Budget good, not visionary
The federal budget announced in early March is generally good. But it's not visionary. Canada will face critical problems in the coming decades that need visionary fiscal leadership, leadership that looks beyond the short-term physical stimulus that this and the previous budget have competently provided.
The sage advice, "don't panic" applies to this budget. Short term, it will serve Canada in a variety of important ways. It is neither blithely delivered nor fundamentally unsound for our moment in economic history. But it has the seeds of future challenges: the investments we've made with our recessionary largess may not be worth what we think they will, the ongoing costs of maintenance are certainly far higher than this budget suggests and the tab is going to be picked up by fewer and fewer of our children.

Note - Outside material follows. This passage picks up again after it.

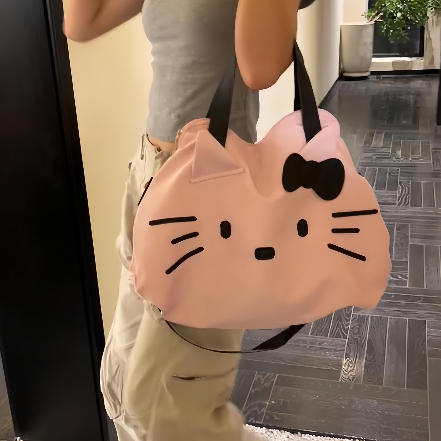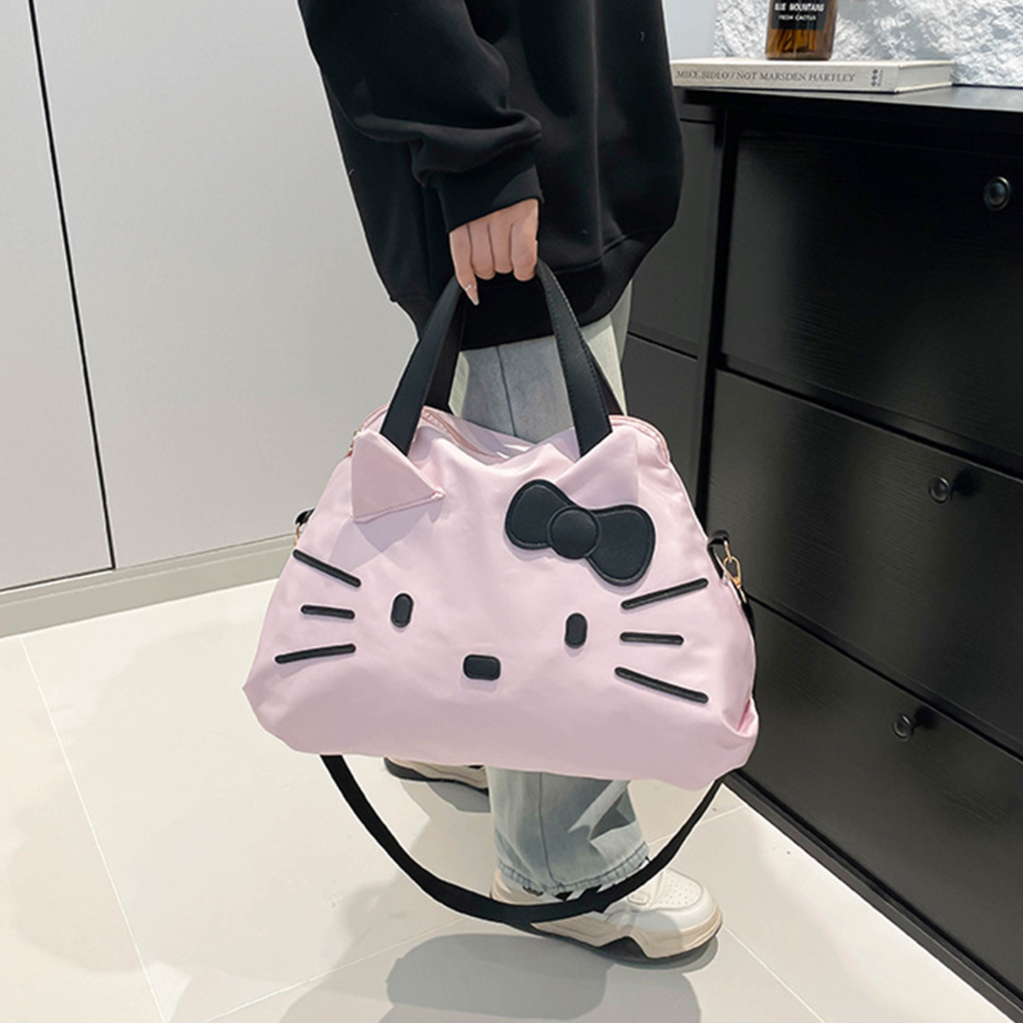 甜美kt健身包女士外出旅行包时尚大容量短途行李袋手提可挂行李箱

We looked at this current budget through the lens of three basic questions.
Are we getting what we paid for?
Canada joined a multinational network of states in injecting massive amounts of capital into global markets. The critical question about stimulus spending is whether we have turned our deficit liabilities into assets. It is difficult to imagine another government forging a different track, but did we use this money strategically?
The answer is mixed. Recent projections of federal debt relative to GDP suggest an alarming trend. While Canada's debt to GDP ratio is the lowest in the G7, short-term comparisons do not address what could be a worrisome long-term trend. Moreover, the what of our investment is as important as the how. The federal government's stimulus spending has rightly focused on physical infrastructure, long-term projects that will serve Canada and its future well. The return on these projects is measurable and effective.
Yet, physical infrastructure is only part of the picture of Canada's future. Economic growth depends both on the foresight of physical and social infrastructure to sustain it. This budget does provide $1 billion to support deferred maintenance repair and construction at our colleges and universities. It also invests in ports, bridges, and energy projects.
However, it neglects to sustain our equally vital social architecture. It neglects worrying trends in Canadian culture, like our dwindling civic core, the six per cent of Canadians who volunteer and donate at disproportionate levels. It leaves fundamental questions about looming demographic challenges in health care, elder care, social insurance, labour shortages and more unanswered. Canada may be getting short-term value for its dollars, but in the longterm we may wish we'd diversified our portfolio.
Can we keep up the payments?
The "new population bomb," as Foreign Affairs put it in January, is as global a crisis as the recession. And these phenomena are not disconnected. The proportion of GDP produced by Europe, the United States and Canada fell from 68 per cent in 1950 to 47 per cent in 2003, and is expected to decline further.
The question is not merely can we pay for the stimulus of physical infrastructure, but can we afford not to attend to the looming questions of social architecture? A shrinking charitable core, an aging population, a dwindling labour pool and soaring foreign economies present the challenge not simply of the next fiscal year, but of the coming decades for Canada. Ultimately, the cost of ignoring these demographic swings may prove far higher than the short-term physical stimulus.
Will our income grow enough to sustain this?
It is impossible to say with certainty that government projections for return on investment are either correct or incorrect. However, given what we can expect demographically, it is worth considering whether even our most optimistic projections of GDP growth and economic expansion will be capable of both absorbing this extra burden and bridging the gaps made by strong stimulus spending.
Fiscal sustainability, to say nothing of return on investment, requires looking beyond the medium-term projections of a sitting government's budgetary balance or debt. It is not an academic exercise to plan for a coming demographic shift; it is prudent management.
The government is returning to the Advantage Canada framework relying on tax, fiscal, entrepreneurial, knowledge and infrastructure advantages to position our economy favourably. The missing component in this strategy is building the capacity in non-governmental institutions. While there are various specific measures that, if properly implemented, have merit and will assist particular subsectors of the economy, for the most part this is a "tinkering with the status quo" budget that trusts market forces to solve the problem.
On the one hand, this is commendable: market forces are more reliable innovators than government programs. On the other hand, markets require workers and consumers. Our argument is that the foundation of the Canadian market itself—which depends on the complex system of Canada's social architecture—is facing serious problems that cannot be fixed overnight.